__ACTION ITEM__: Copy, word for word, the lines below from the one containing "Manteau beige d’hiver, long" up to and including the one containing "To confirm this", with pictures left out.

__PROVIDED ENTRIES__:
▼▼▼
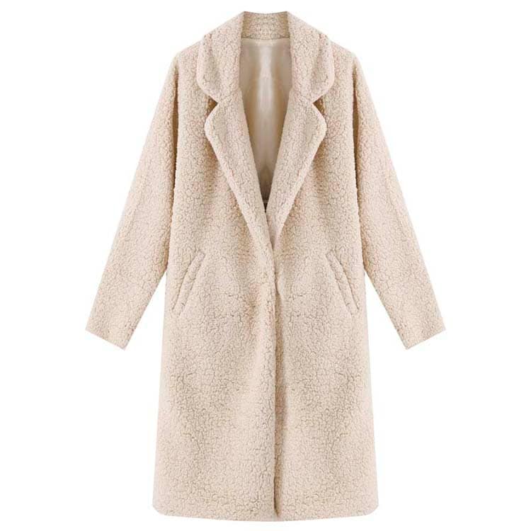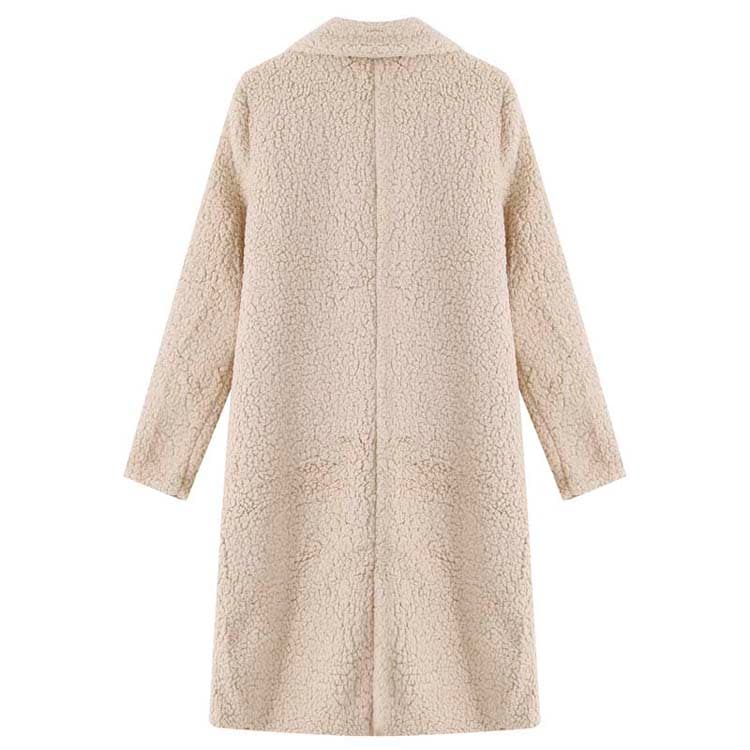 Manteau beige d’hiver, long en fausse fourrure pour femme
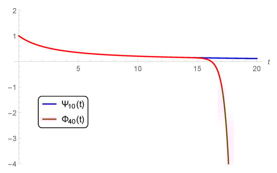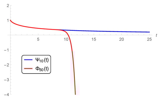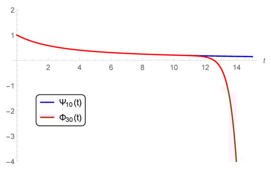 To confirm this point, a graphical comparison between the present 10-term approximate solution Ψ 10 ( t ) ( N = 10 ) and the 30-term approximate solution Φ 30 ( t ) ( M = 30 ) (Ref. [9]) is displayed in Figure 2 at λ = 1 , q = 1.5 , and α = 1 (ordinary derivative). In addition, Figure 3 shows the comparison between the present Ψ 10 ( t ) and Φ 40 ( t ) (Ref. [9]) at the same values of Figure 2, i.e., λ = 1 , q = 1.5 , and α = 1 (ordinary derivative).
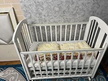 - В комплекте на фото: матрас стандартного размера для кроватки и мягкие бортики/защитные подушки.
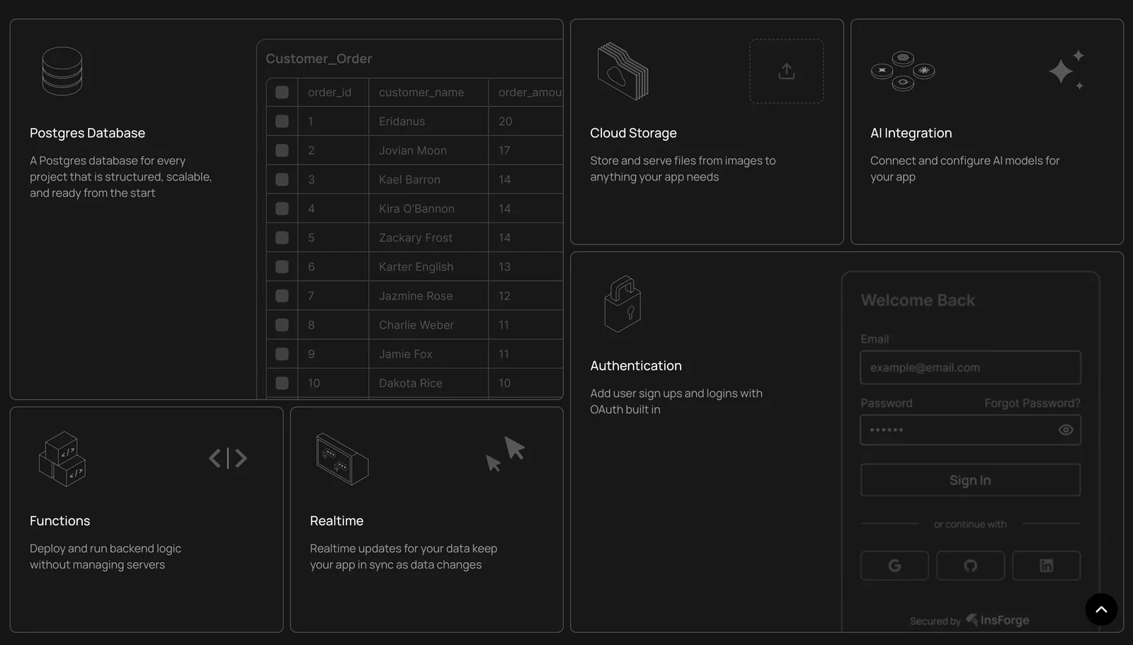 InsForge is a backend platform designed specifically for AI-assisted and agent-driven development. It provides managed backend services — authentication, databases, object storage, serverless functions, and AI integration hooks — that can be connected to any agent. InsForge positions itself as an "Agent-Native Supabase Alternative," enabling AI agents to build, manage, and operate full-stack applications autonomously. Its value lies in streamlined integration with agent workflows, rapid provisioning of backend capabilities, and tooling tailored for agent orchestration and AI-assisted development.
▲▲▲
▼▼▼
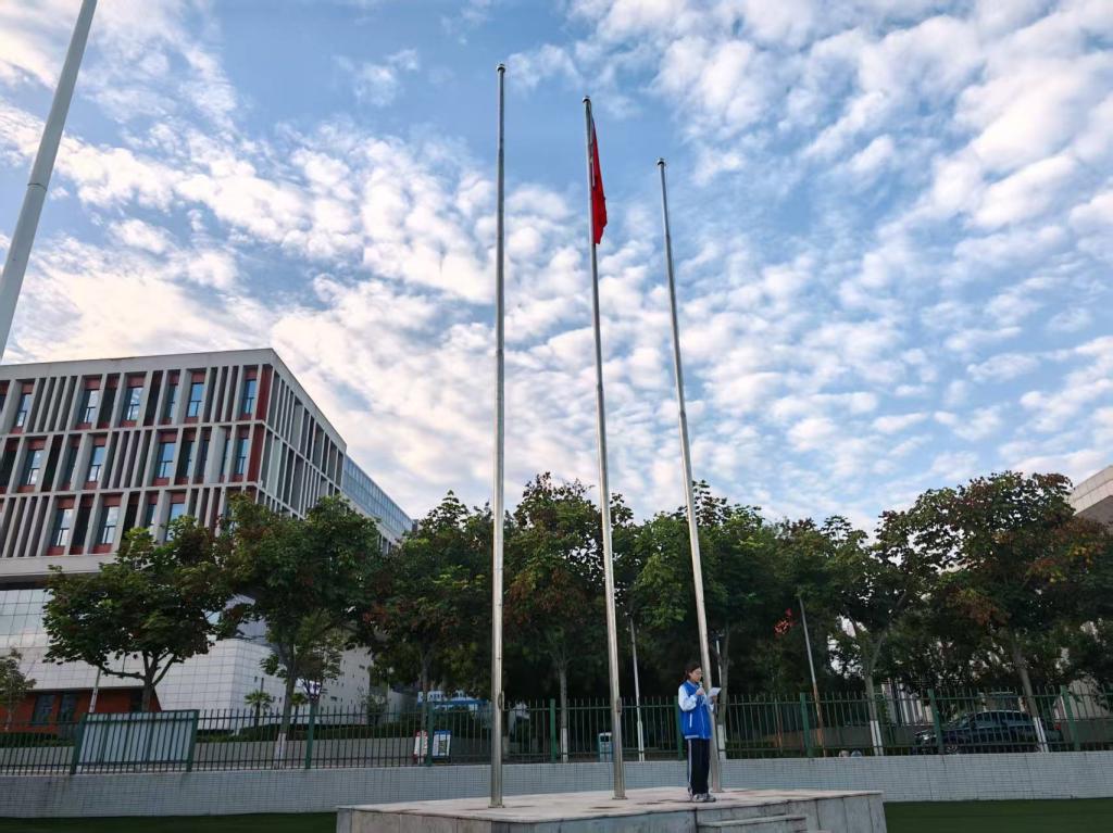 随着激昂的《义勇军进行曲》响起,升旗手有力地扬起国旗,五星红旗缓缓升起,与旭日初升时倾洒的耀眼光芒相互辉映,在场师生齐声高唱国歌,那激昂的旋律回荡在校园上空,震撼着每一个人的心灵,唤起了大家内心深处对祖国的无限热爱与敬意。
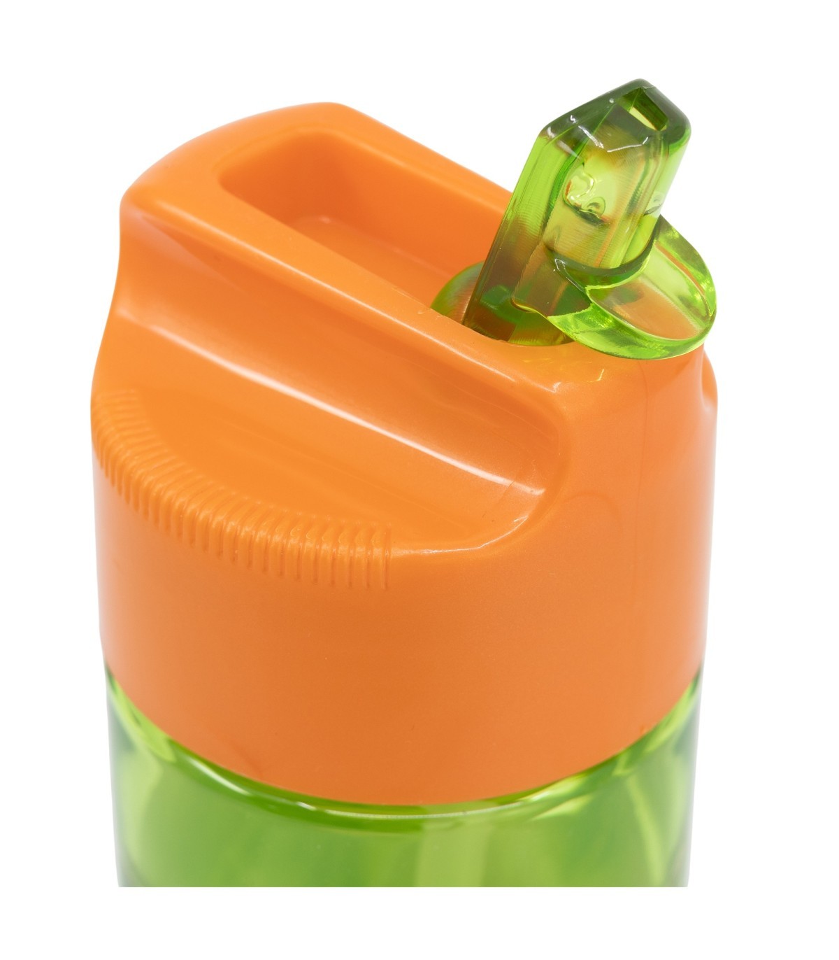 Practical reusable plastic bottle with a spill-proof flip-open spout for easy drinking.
▲▲▲
__RESPONSE TO THIS EXERCISE__:
 Manteau beige d’hiver, long en fausse fourrure pour femme
 To confirm this point, a graphical comparison between the present 10-term approximate solution Ψ 10 ( t ) ( N = 10 ) and the 30-term approximate solution Φ 30 ( t ) ( M = 30 ) (Ref. [9]) is displayed in Figure 2 at λ = 1 , q = 1.5 , and α = 1 (ordinary derivative). In addition, Figure 3 shows the comparison between the present Ψ 10 ( t ) and Φ 40 ( t ) (Ref. [9]) at the same values of Figure 2, i.e., λ = 1 , q = 1.5 , and α = 1 (ordinary derivative).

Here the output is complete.